Posted: Sat Mar 25, 2006 11:00 pm
by Emilio
David wrote:
This can be computed in O(n*m) by first storing the hash values of all X*1 patterns, and then computing the hash of an X*Y pattern based on the hash of the X*Y pattern just above it, along with the hash of the first line.
If your hash function depends of i and j, how do you compute your X*1 patterns in a constant time? I think for each column you must compute the first whole X*1 pattern and for the next ones in the same column in a constant time. Am I right? And if the answer is yes, how do you compute this?

Thanks, in advance.

Posted: Sat Mar 25, 2006 11:44 pm
by david
Emilio wrote: If your hash function depends of i and j, how do you compute yout X*1 patterns in a constant time?

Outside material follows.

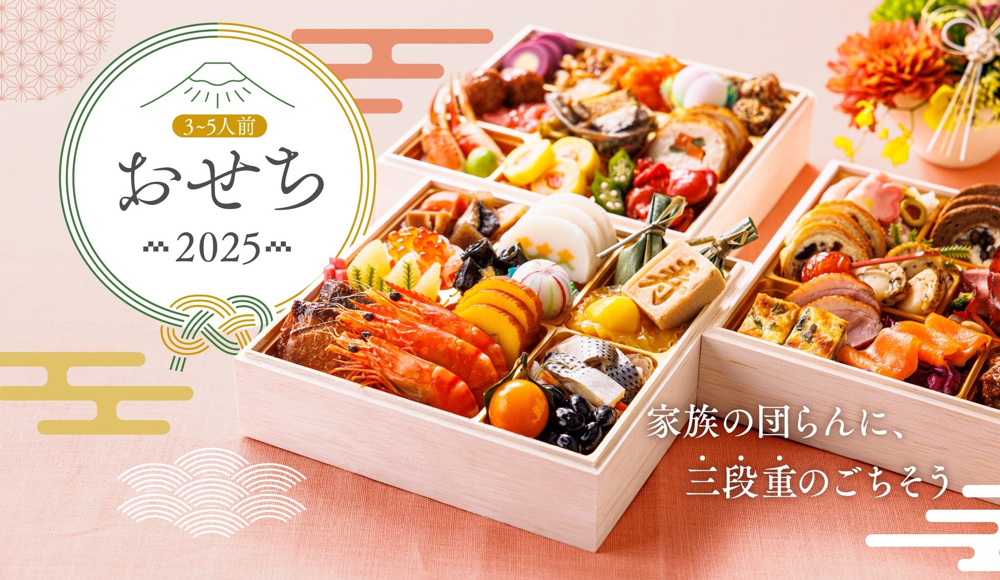 リテール業界に特化してビジネスのDXを支援する株式会社イングリウッド(東京都渋谷区、代表取締役社長兼CEO:黒川隆介)が運営する冷凍おかず定期便サービス「三ツ星ファーム」は、「おせち2025」を数量限定で販売することが決定しました。2024年9月2日(月)よりおせちの予約を開始いたします。昨年好評だった3〜5人前の三段重に加え、おせちと年越しそばのセットを初めてご用意。また1〜2人前用二段重も追加でご用意するなど、忙しい中でもお客さま一人ひとりのお正月の過ごし方に合わせてメニューを拡充しました。

I think for each column you must compute the first whole X*1 pattern and for the next ones in the same column in a constant time. Am I right? And if the answer is yes, how do you compute this?

Thanks, in advance.
That's right. For each row, I first compute the hash of the first 1

Posted: Sun Mar 26, 2006 1:02 am
by andresw1
Hello,

David,
What do you mean by saying this is slow? Do you use double hashing or something more complex that makes it slow? I can imagine how it can bi done faster...

Posted: Sun Mar 26, 2006 1:15 am
by misof
andresw1 wrote:Hello,

David,
What do you mean by saying this is slow? Do you use double hashing or something more complex that makes it slow? I can imagine how it can bi done faster...
The modulo operation is slow. If you use a function resembling the one Cho described earlier, you can get the "modulo 2^32" for free -- you just have to compute everything in unsigned ints.

Aaaah, there's nothing like showing off some good old tricks of the trade :D

Posted: Sun Mar 26, 2006 1:31 am
by andresw1
misof,
As far as I know good hash is the one which uses nice primes... 2^32 is not one of them as far as I know. In addition Cho mentioned that you can use two different hashings and make a pair. This way you minimise the chance of wrong answer. Is it smart to use int and unsigned int as pair of mods?

Posted: Sun Mar 26, 2006 6:48 am
by Cho
andresw1 wrote:As far as I know good hash is the one which uses nice primes... 2^32 is not one of them as far as I know
The hash value (for one dimensional string) introduced by some text book is:
Summation over all k, c[k]*2^k mod p, where p is a prime.
But mine is:
Summation over all k, c[k]*p^k mod (2^32), where p is an odd number.
Both should work, I chose mine because I think (and indeed) it should be faster.
andresw1 wrote:In addition Cho mentioned that you can use two different hashings and make a pair.
It's david's idea, not mine. :)

Posted: Mon Mar 27, 2006 3:36 pm
by aminallam
[quote]That's right. For each row, I first compute the hash of the first 1

Posted: Wed Mar 29, 2006 12:58 am
by Emilio
Hi, I got AC.
I would must have read something about Karp-Rabin before asking anything.
Thanks anyway.

animallan you would must follow the same way than me, if you read something about Karp-Rabin you will understand it without troubles. In this moment I haven't the links, but google ...
Good luck!

Posted: Thu Mar 30, 2006 6:42 am
by aminallam
Thank you very much Mr. Emilio. I followed your advice and got AC.

For Mr. Misof:
I do not know how to use the trick of using unsigned int, and not using %. For example, consider this line:
hm2[j]=((hm2[i-1][j]+MOD-(hm1[i-x][j]*po[x-1])%MOD)*AS+hm1[j])%MOD;
How can I convert it using this trick? I have tried removing %MOD, and +MOD, but I got WA.